Materials Science Forum ◽

10.4028/www.scientific.net/msf.544-545.841 ◽

2007 ◽

Vol 544-545 ◽

pp. 841-844 ◽

Cited By ~ 3

Author(s):

Xue Bin Zheng ◽

Yi Zeng ◽

Chuan Xian Ding ◽

Soo Wohn Lee ◽

Zi Yuan Zhu ◽

...

Keyword(s):

Body Fluid ◽

Zirconium Phosphate ◽

Antibacterial Effect ◽

Titanium Substrate ◽

Fusobacterium Nucleatum ◽

Antibacterial Effects ◽

Vacuum Plasma Spraying ◽

Vacuum Plasma ◽

Ha Coating ◽

Plasma Sprayed

Vacuum plasma sprayed (VPS) hydroxyapatite (HA) coatings with silver-loaded zirconium phosphate antimicrobial have been prepared on titanium substrate.

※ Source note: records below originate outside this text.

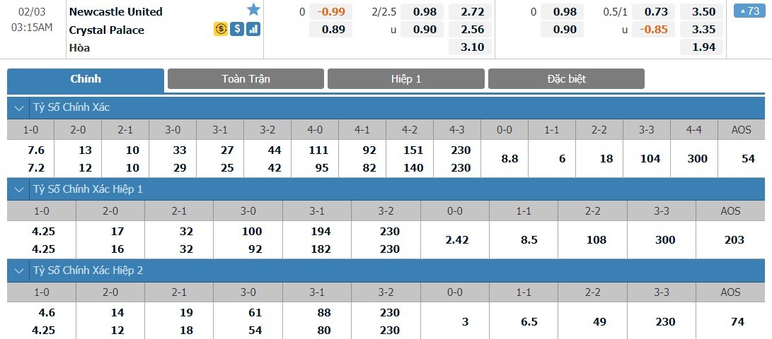 Trong 8 lần gần nhất Newcastle gặp Crystal Palace, không lần nào trận đấu có thể kết thúc với nhiều hơn 2 bàn thắng được ghi. Cả Newcastle và Crystal Palace đều là những đội sở hữu lối chơi thiếu đột biến và những trận đấu của họ cũng thường diễn ra kém hấp dẫn với rất ít bàn thắng xuất hiện. Với tỷ lệ tài xỉu ở mức 2 1/4 trái, ô cược xỉu sẽ là lựa chọn cho kèo đấu này.
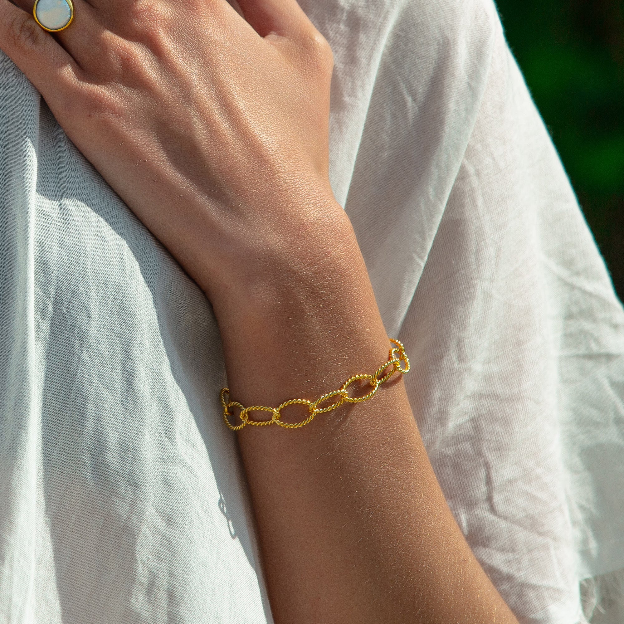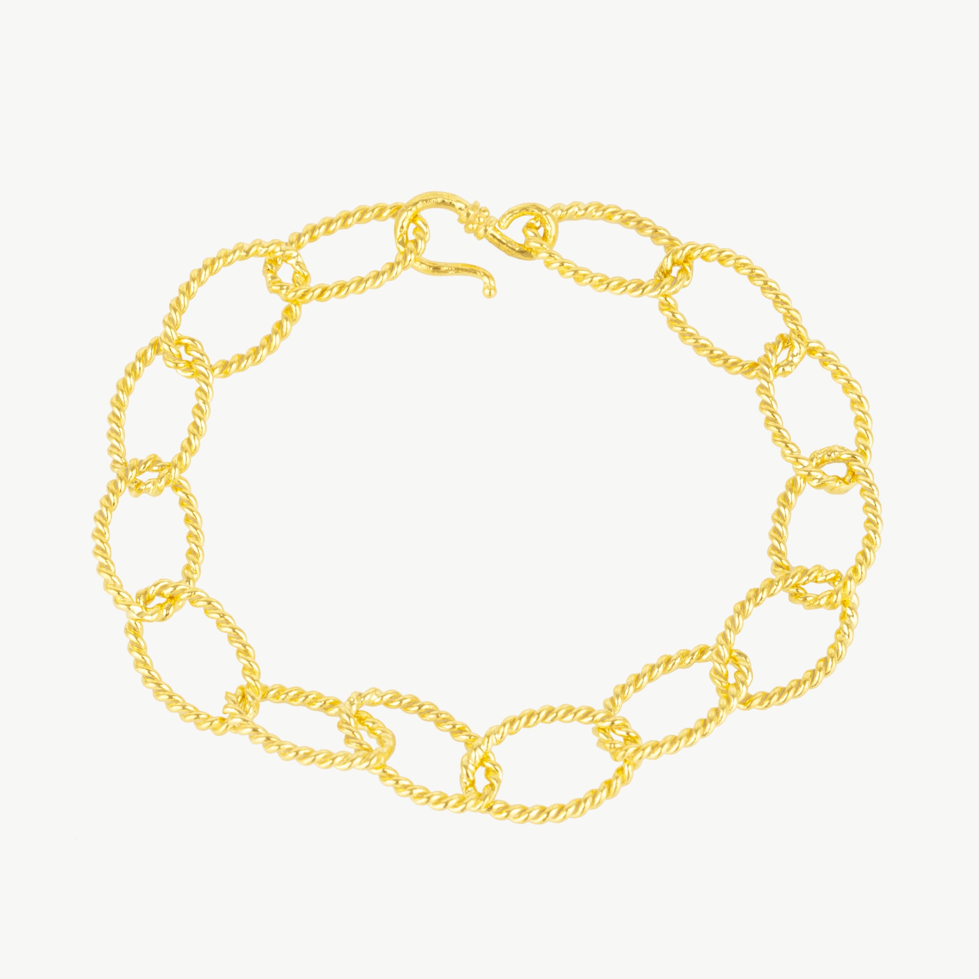 Add a touch of elegance to your outfit with our Twisted Elliptical Hoops Gold Bracelet. The adjustable 7 inch length ensures a perfect fit for any wrist. Stand out with the unique design and feel confident in your style.
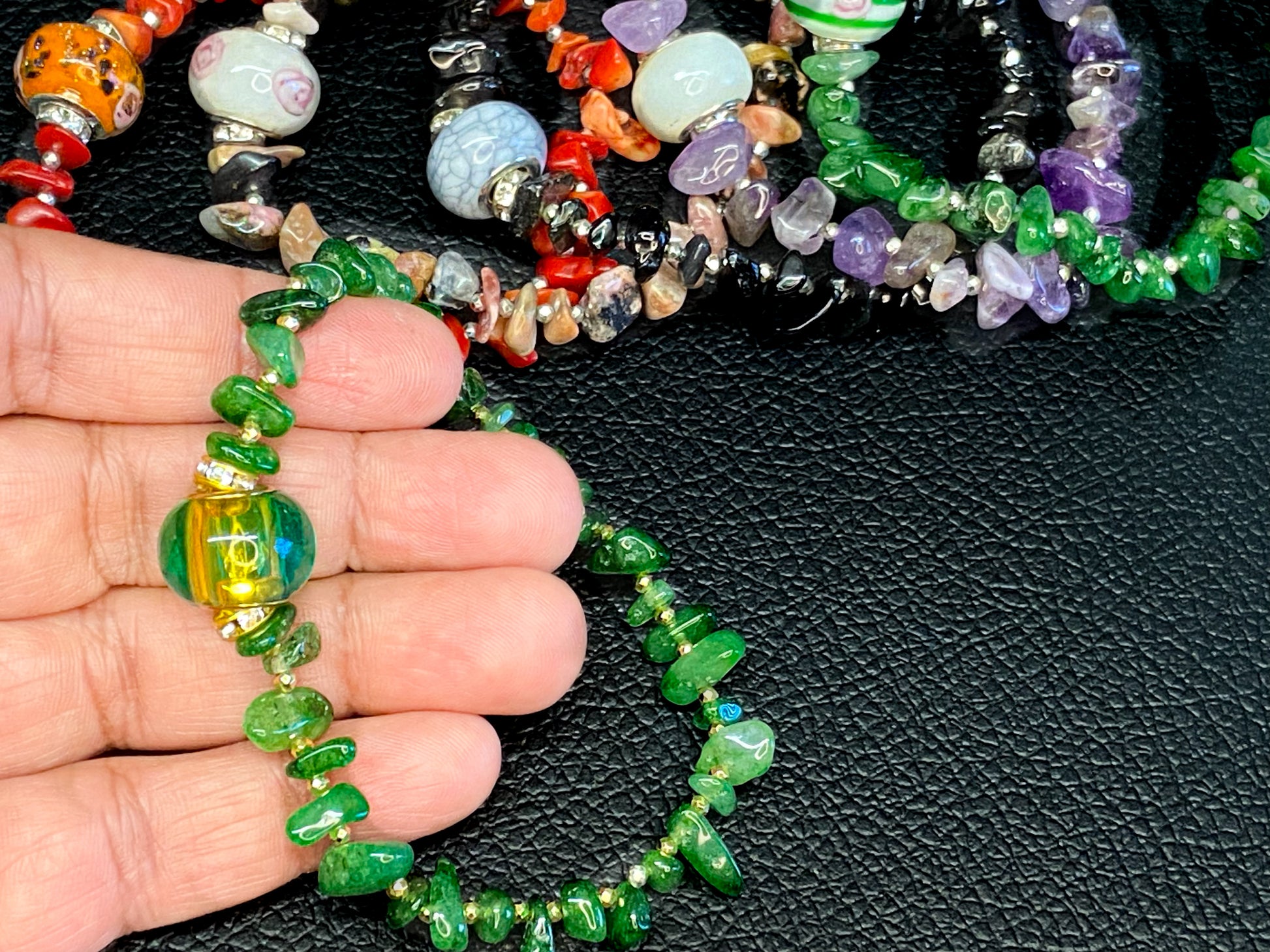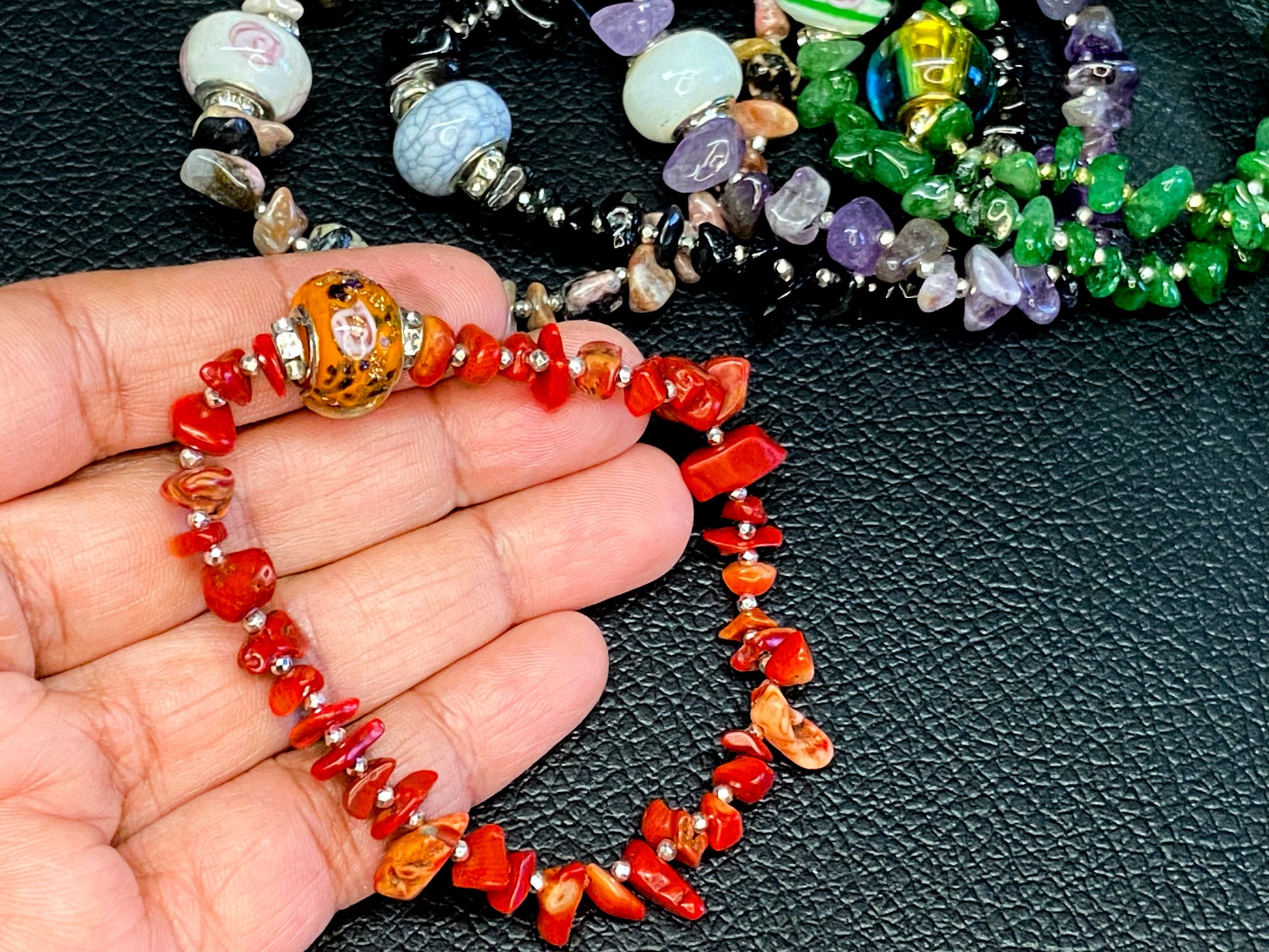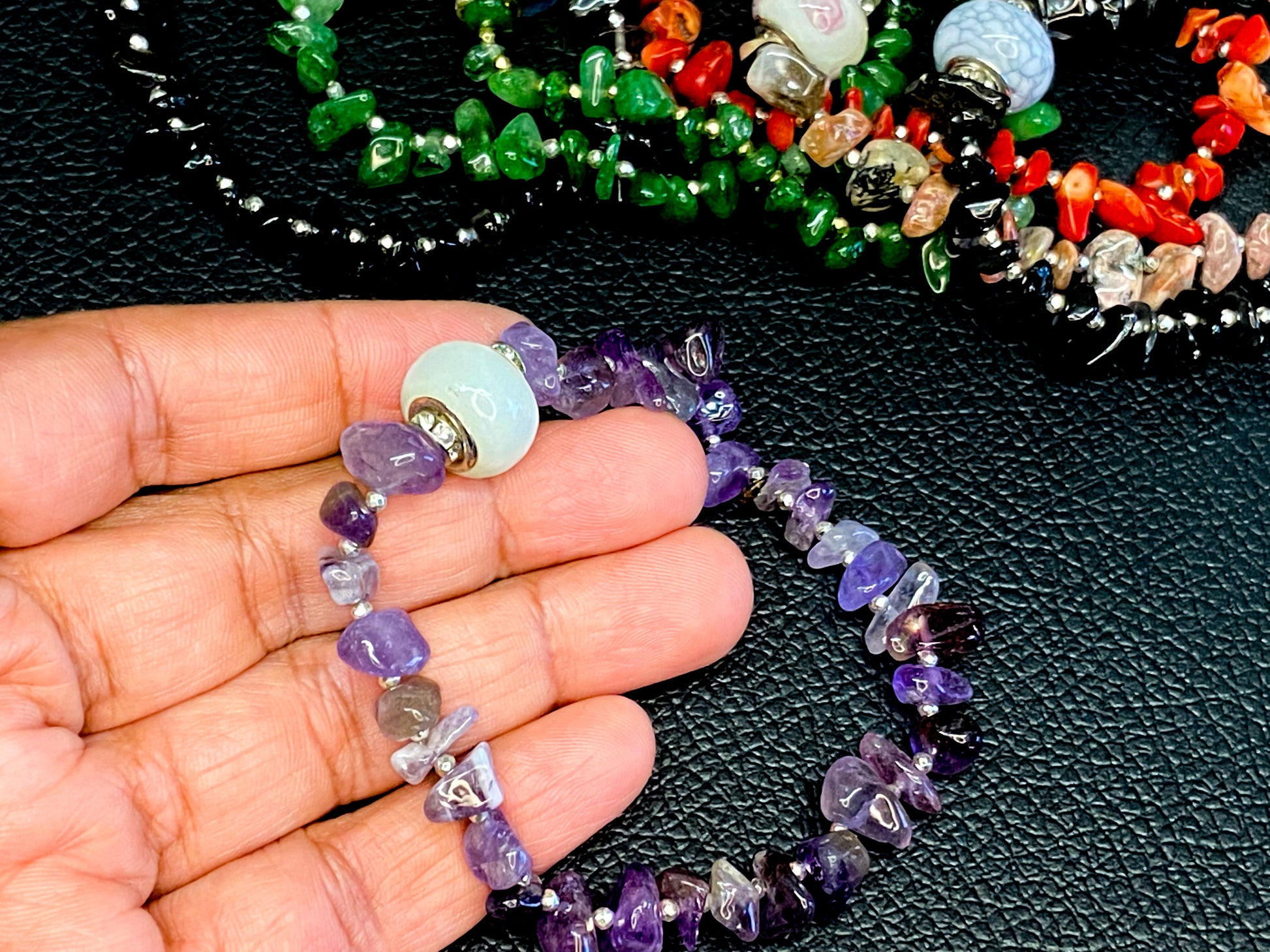This gemstone chip bracelet features an artful arrangement of irregularly shaped stones, creating a harmonious and modern design. A handmade glass bead serves as the focal point, adding a unique touch. The stretch design ensures a comfortable and easy fit. Available in various styles to suit your preference.
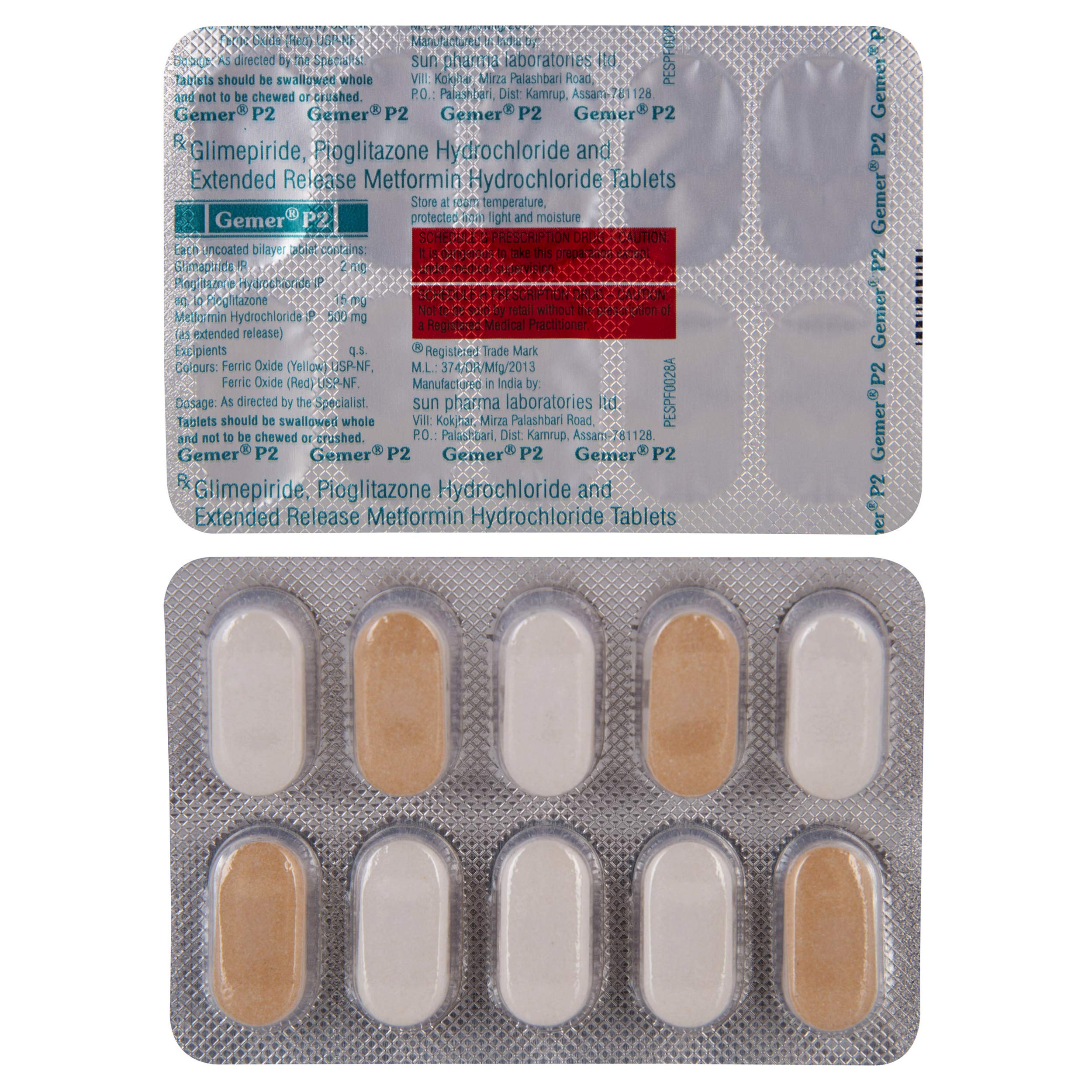 Gemer P 2 Tablet ER is a prescription anti-diabetic medication that combines three active ingredients:
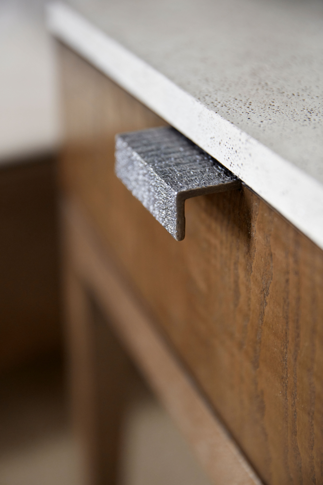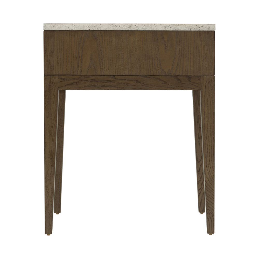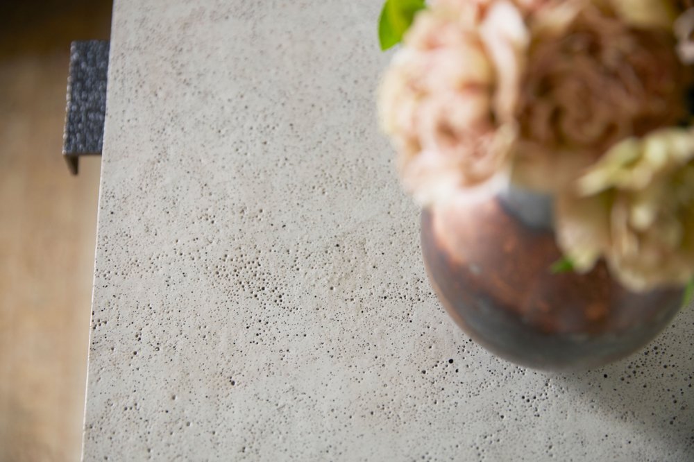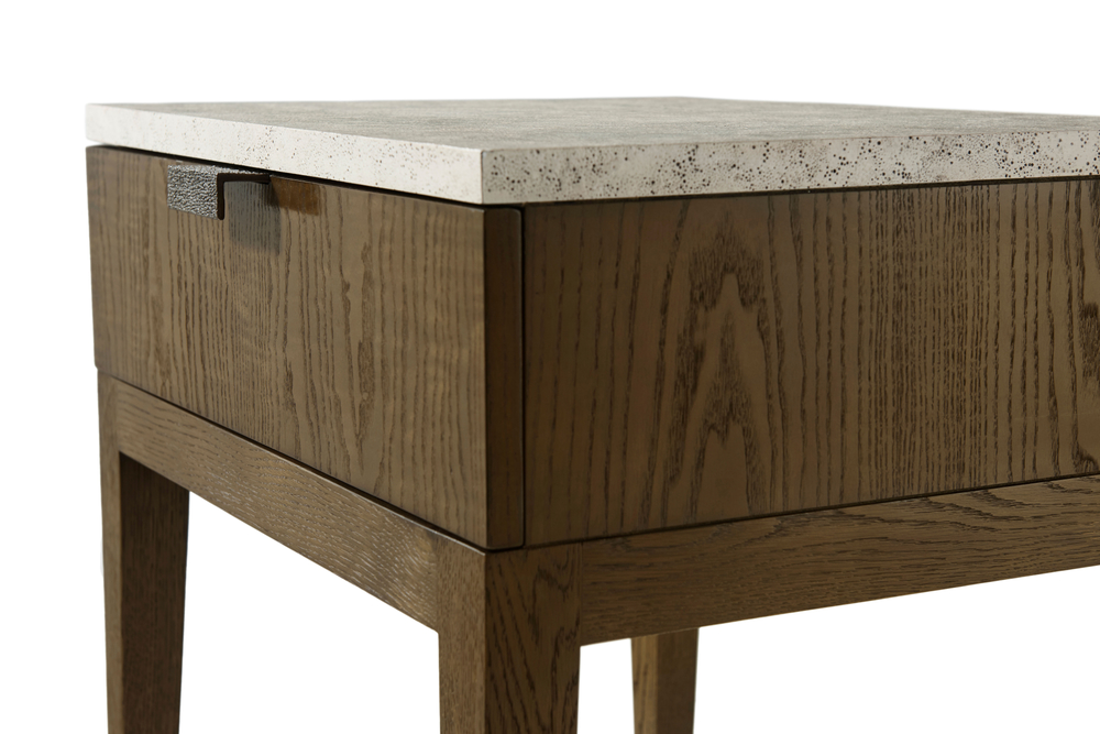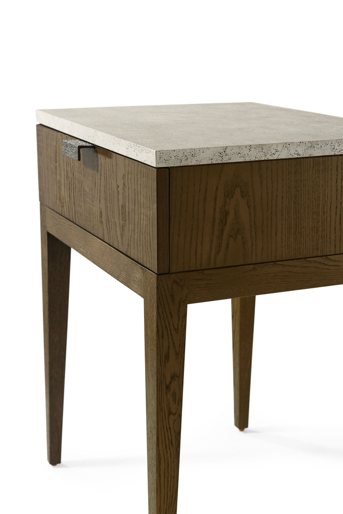 Она также впечатляет текстурированной металлической вставкой в отделке Ember, которая добавляет этой тумбочке особый акцент и структуру. Сверху у нее каменная пористая столешница, отделанная в нашей эксклюзивной минеральной отделке, что придает ей роскошный и современный вид.
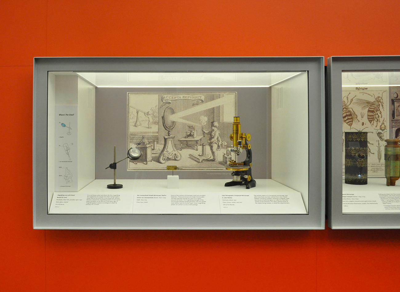 We designed a circular graphic pattern, inspired by the microscope lens, to cover the title wall. Each circle contains a close-up detail of drawings depicting objects that were discovered through the microscope.

Antibacterial effects of the coatings were studied by bacteria culturing using Porphyromonas gingivalis (Pg), Fusobacterium nucleatum (Fn) and Actinobacillus actinomycetemcomitans (Aa) as microorganisms. Simulated body fluid (SBF) test was carried out to evaluate the bioactivity of the coatings as well. The results obtained showed that the coatings exhibited a marked antibacterial effect against Pg, Fn and Aa when the content of antimicrobial was equal to or more than 5%. The antibacterial capability of the coatings decreased in the following order: Pg, Fn, Aa. Bone-like apatite layer was formed on the silver-containing HA coatings after immersed in SBF, suggesting that their bioactivities were not affected obviously by the addition of silver-zirconium phosphate antimicrobial. This study indicated that silver-containing VPS HA coating is a prospective candidate as dental material.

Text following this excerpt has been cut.